Wayne Swan. File photo / Mark Mitchell
Wayne Swan. File photo / Mark Mitchell

Australia's big four banks are facing an increasingly strong coalition of outraged consumers, farmers, politicians and business leaders in a stand-off over interest rates.

The Reserve Bank , by deciding yesterday to resist a third consecutive cut and hold the official cash rate steady at 4.25 per cent, may have brought some of the heat upon itself, but fury is still aimed directly at the Commonwealth, ANZ, National Australia and Westpac banks.

The central bank's decision angered sectors such as the embattled housing industry and unions covering manufacturing, tourism and other industries hard hit by the strength of the Australian dollar.

But the major banks are the prime target after indicating they would not be bound to follow any Reserve Bank rate reductions.
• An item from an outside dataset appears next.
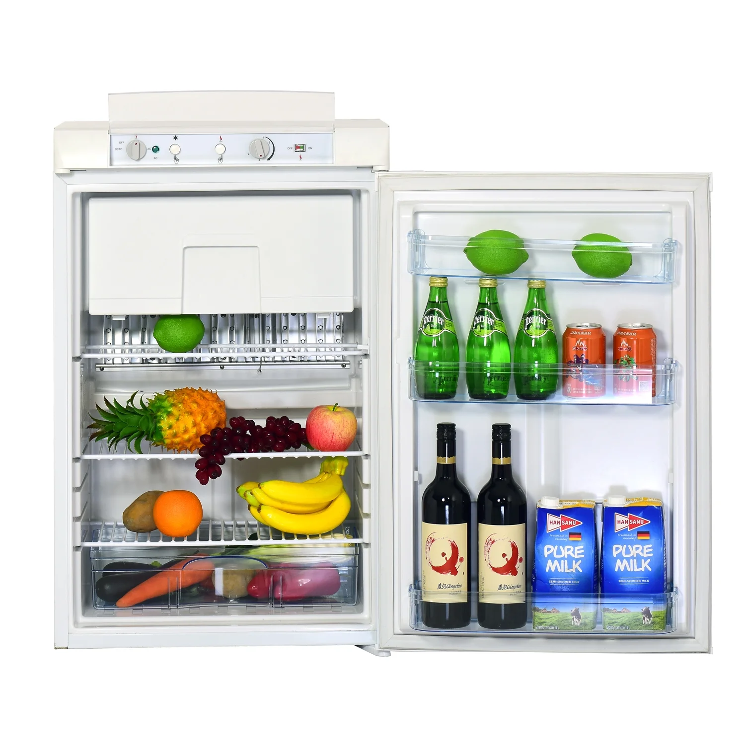 ��No Noise & Diversified Storage Space��0 dB silent running with an advanced absorption cooling system, so you can rest easy. Equipped with removable shelves and crisper drawer, the refrigerator maximizes the use of internal space and can meet your various storage needs.

The NAB, which yesterday reported a 7.7 per cent rise in first-quarter cash profit to A$1.4 billion ($1.8 billion), has said it will keep its standard variable rate below those of the other major banks for the rest of the year. It stopped short of promising to follow official cash rate reductions.

The banks have argued that offshore funding costs have soared because of the European debt crisis, and that local costs have also risen because of stronger competition for deposits, and from minor lenders buoyed by the axing of mortgage exit fees.

But critics have dismissed the argument, with unions and farmers saying new regulations might be needed to bring the banks into line.

Australian Council of Trade Unions president Ged Kearney said the majors could not justify failing to pass on Reserve Bank rate cuts when their combined profit last year reached A$25.2 billion and their chief executives earned a combined A$28.6 million.

The big four also slashed 3300 jobs last year, with a further 730 announced so far this year.

National Party leader Warren Truss said that only one agribusiness lender, Suncorp Agribusiness, passed on the Reserve Bank's full 0.5 per cent rate cut in November and December last year.

Treasurer Wayne Swan said there was no excuse for banks not to pass on reductions in the official cash rate, and urged customers to shop around. He said the major banks were hugely profitable, with net interest margins back to pre-GFC levels and returns on equity far higher than for American or European banks, but believed they had a right, "irrespective of any particular market condition, to maintain forever huge profitability".